Category Archives: Clojure

Running Clojure shell scripts in *nix environments

I was recently trying to create a basic piece of Clojure code to play with “real-time” log file parsing by playing with futures. The longer term goal of the experiment is to be able to tail -f a log file pipe that into my Clojure log parser as input.

As I wasn’t sure exactly what I would need to be doing, I wanted an easy way to run some code quickly without having to rebuild the jars through Leiningen every time I wanted to try something, in a manner similar to the way I am thinking I will be using it if the experiment succeeds.

I created a file test_input with the following lines:

1 hello
2 test
3 abacus
4 qwerty
5 what
6 dvorak

With this in place, my goal was to be able to run something like cat test_file | parser_concept. After a bit of searching I found the lein-exec plugin for Leiningen, and after very minor setup I was able to start iterating with input piped in from elsewhere.

The first step was to open my profiles.clj file in my ~/.lein directory. I made sure lein-exec was specified in my user plugins as so:

{:user {:plugins [[lein-exec "0.2.1"]
                  ;other plugins for lein
                 ]}}

With this in place I just put the following line at the top of my script.clj file:

#!/usr/bin/env lein exec

I then changed the permissions of script.clj file to make it executable, I was able to run the following and have my code run against the input.

cat test_input | ./script.clj

I will be posting a follow up entry outlining my next step of experimenting with “processing” each line read in as a future.

Looking for a new job

The company I have been working for had to just go through a round of layoffs, due to not getting one of their main contracts renewed do to lack of funding by the state, and I have been included in that round.
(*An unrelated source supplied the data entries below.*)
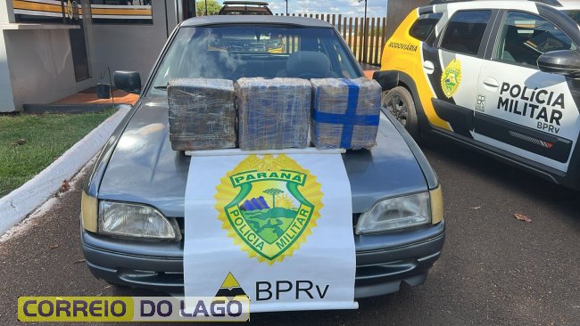 Segundo a corporação, por volta das 16h, os policiais abordaram um Ford Escort, de cor cinza, com placas de Cascavel (PR), conduzido por um homem de 28 anos. Durante a vistoria no automóvel, foram localizados três fardos de maconha no bagageiro.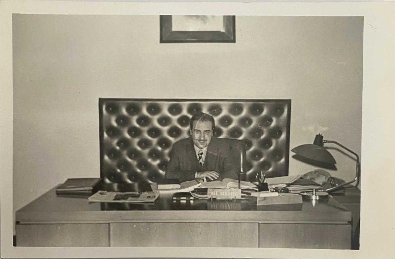 İş yerinde masa başında otururken poz veren bir erkek fotoğrafı ,ORİJİNAL SİYAH & BEYAZ, 14 x 9cm EBADINDA - 1940'LAR, 1950'LER, 1960'LAR ve 1970'LER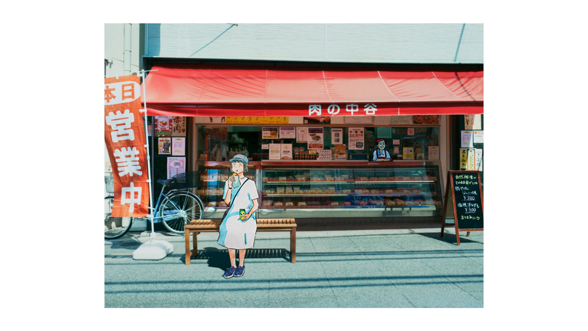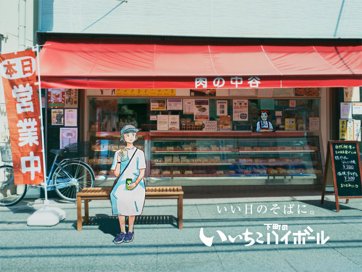 ある晴れた日、近所の商店街にあるお肉屋さんの前に腰をかける若い女性。コロッケ屋さんのおばあちゃんに温かい目で見守られながら、女性は『いいちこ下町のハイボール』を片手に揚げたてのコロッケを頬張り、ただただ“いい時間”を過ごします。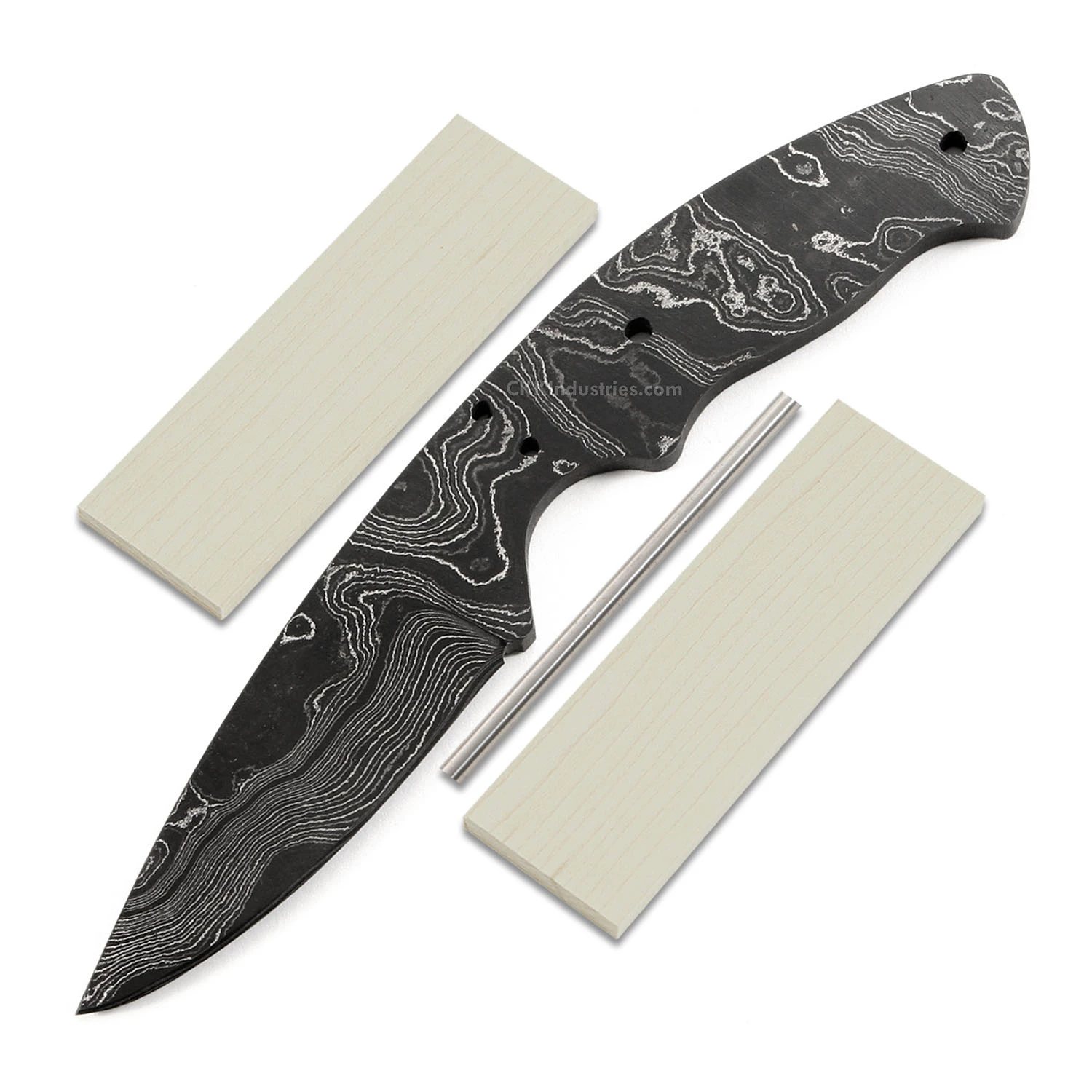 This damascus drop point knife making kit design is called “Whiplash”. It is a USA Made carbon steel damascus fixed blade knife blank that is hollow-ground and ready to build. This damascus blade blank model will make a fantastic personal carry knife. The Whiplash has a blade length of 2 inches and an overall length of 6.6875 inches. Ground on both sides, the blade is 1″ wide. This damascus drop point blade blank design features (2) 0.125 inch through-holes for handle construction (stainless steel handle pinstock included) with (2) 0.93 inch holes for user created bolsters (not included). The tang holes can be modified with ease to work with larger pinstock, or with threaded fasteners. Please see our drills and taps sections for more options. This version of the Whiplash is the combo kit. It comes with the Whiplash blade plus Curly Maple handle scales and stainless steel pinstock to simplify the completion process. This is a great project for a weekend knife making session. Spend some quality workshop time with this skinning knife kit and enjoy the fun of custom knife making and customization.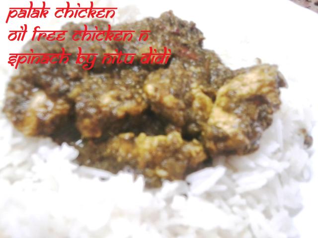 A non fat desi style chicken cooked in spinach? Is it possible? Ofcourse!! Why ever not? It just takes a bit of thinking on how to create something without any oil !!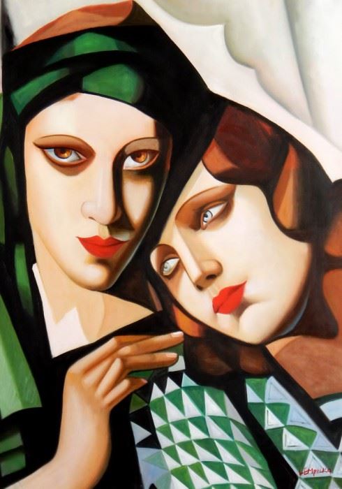 Homage of Tamara de Lempicka - Der grüne Turban i91851 80x110cm exquisites Ölbild Dieses Gemälde ist meisterhaft mit Ölfarben handgemalt und auf fester Leinwand verewigt. Achtung, kein Kunstdruck! Alle alten Meister sind handgemalte Reproduktionen! Sie sehen hier das Originalfoto von dem Gemälde. Sie erhalten das Gemälde ohne das KD24 Logo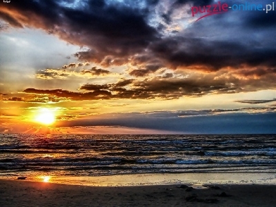 Puzzle Morze, Zachód, Słońce, Chmury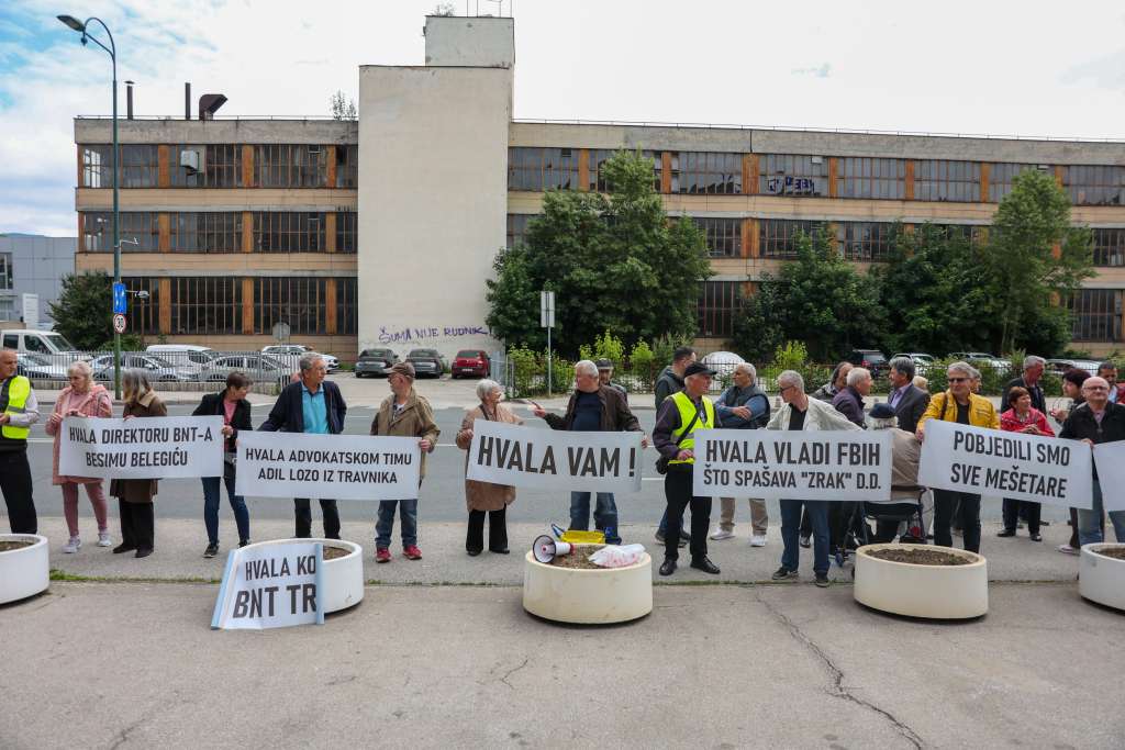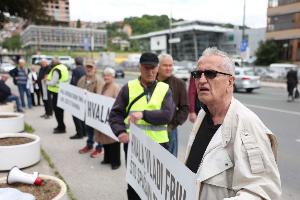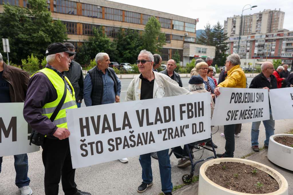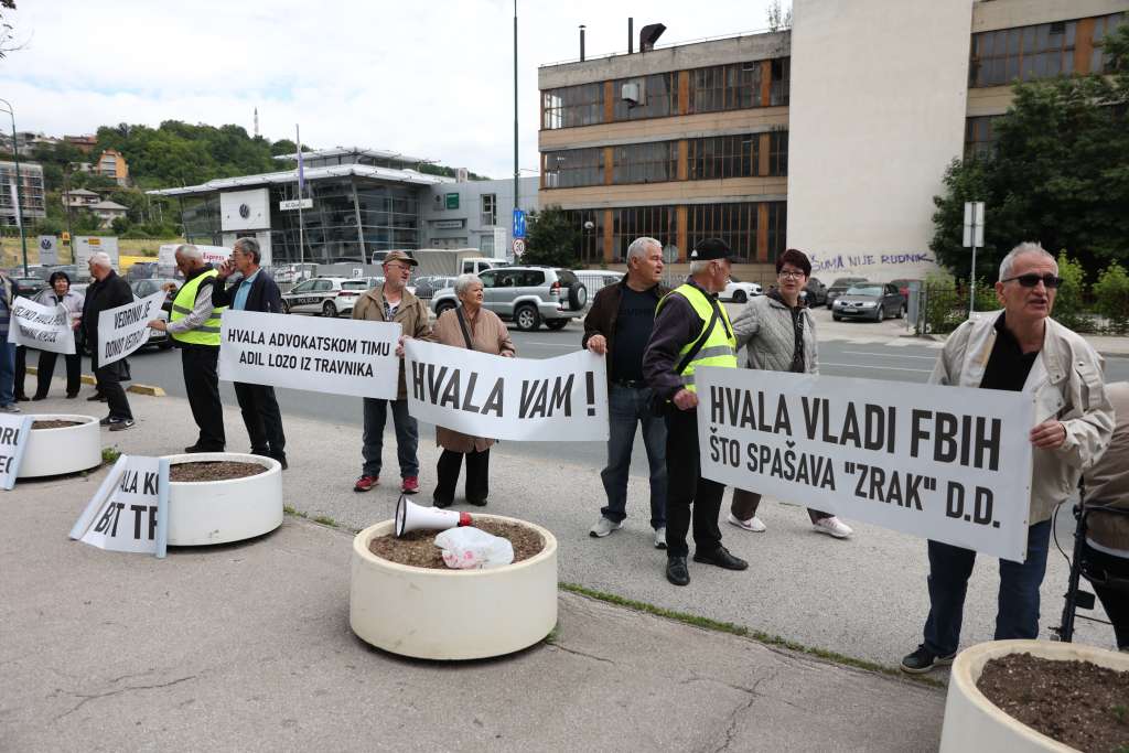 SARAJEVO, 26. maja (FENA) - Penzioneri kompanije Zrak d.d. Sarajevo danas su se okupili ispred zgrade Vlade FBiH kako bi izrazli zahvalnost premijeru Nerminu Nikšiću i ministru energije, rudarstava i industrije Vedranu Lakiću na spašavanju te firme i njihovih potraživanja.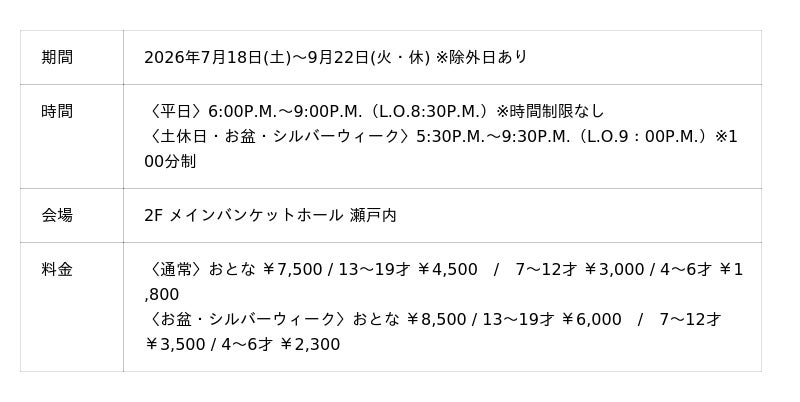 【期間】2026年7月18日(土)~9月22日(火・休) ※除外日あり
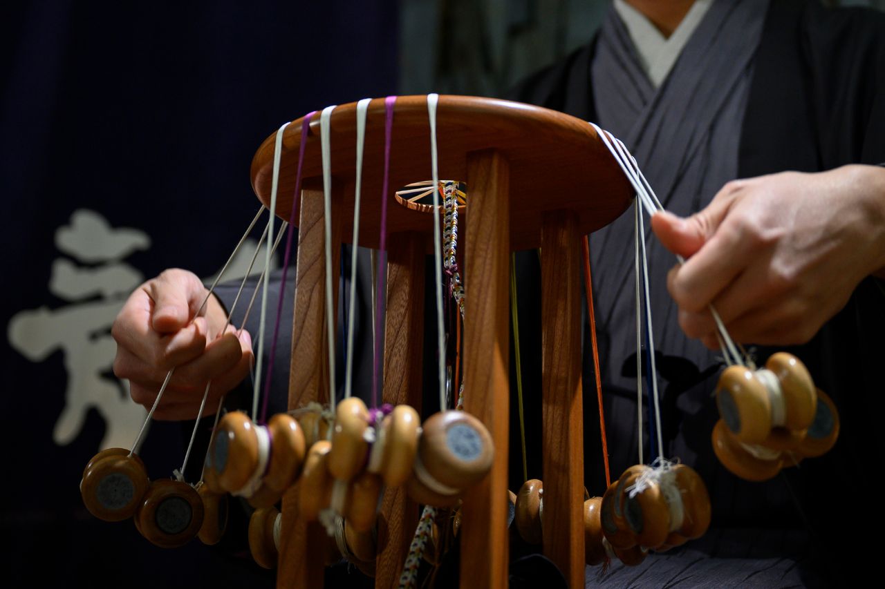Kumihimo originates during the Nara Period, and was once widely used in functional items such as arms and armor, and Buddhist ritual implements, and today lives on mainly in the form of traditional Japanese clothing accessories and decorative elements. A variety of different styles, including Mitake-gumi, Kara-gumi, and Yurugi-gumi, and different braiding stands (marudai, kakudai, ayatakedai, takadai, etc.) are used to create delicate patterns and dimensionality. Kumihimo embody the sense of Japanese aesthetics and the skills of the artisans who create them, and its expressive potential continues to evolve and expand to new applications over time.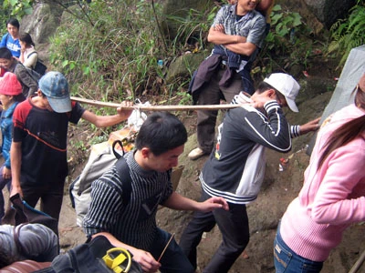 Dòng người chen chúc trên dốc đá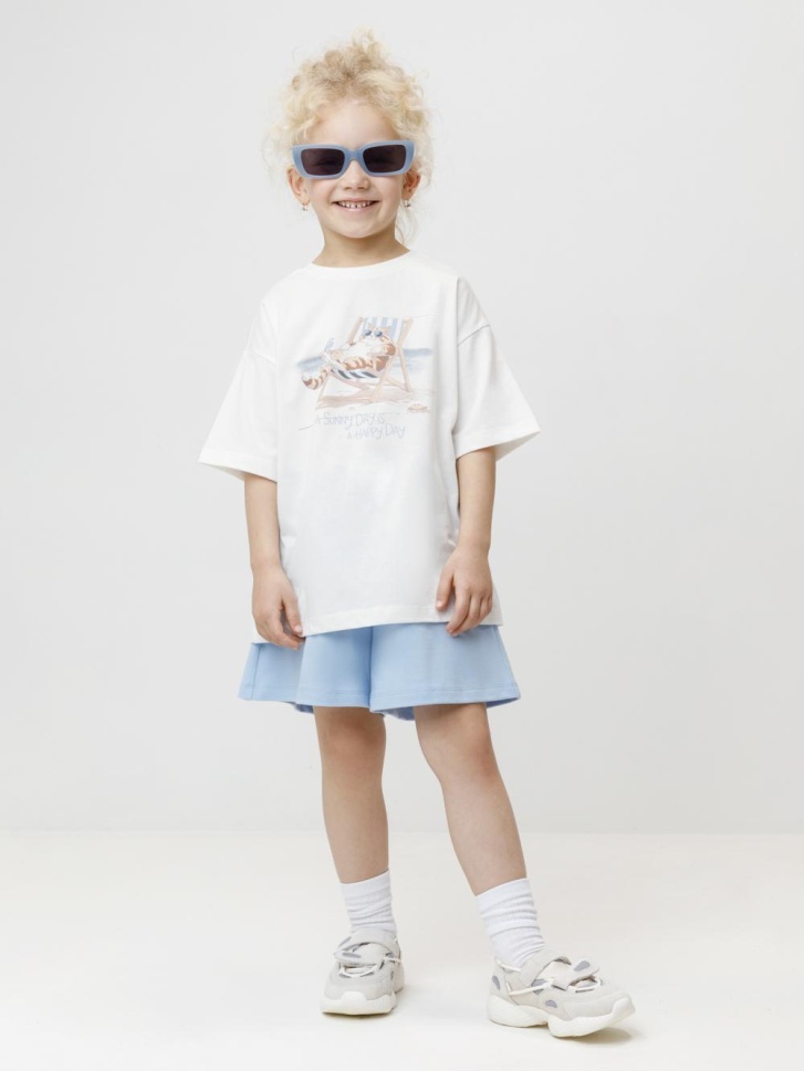 Футболка для девочки из высококачественного трикотажного полотна. Оригинальный рисунок выполнен из стойких текстильных гипоаллергенных красителей. Изделие сохраняет цвет и форму после многократных стирок. Все трикотажные полотна производятся в соответствии с нормами швейцарского сертификата ЭкоТекс.

My primary experience has been in C# on the Microsoft .Net framework for the past 10 years. Of those 10 years, 9 of them were working against the same product, and product suite allowing me to learn how some inconsequential decisions are not so inconsequential long term, and the value of care and commitment to a code base can be.

I am thinking that this would be a good opportunity to open myself up in trying to venture into a new language and toolset such as Ruby or Clojure. This is my open announcement for anybody who would like to poach a .Net developer if you are having problems finding developers fluent in your programming language.

–Proctor

DFW Clojure User Group

This is for those of you not on the Clojure Google Group mailing list.

There is now a Clojure User Group for the Dallas/Fort Worth metroplex. Alex Robbins has setup a meetup group which can be found here http://www.meetup.com/DFW-Clojure/.

The kickoff meeting is set for Wednesday, September 19, 2012.

Thanks to Alex and the sponsors of this user group. Let’s make it a good one.

–Proctor

Clojure function has-factors-in?

Just another quick post this evening to share a new function I created as part of cleaning up my solution to Problem 1 of Project Euler.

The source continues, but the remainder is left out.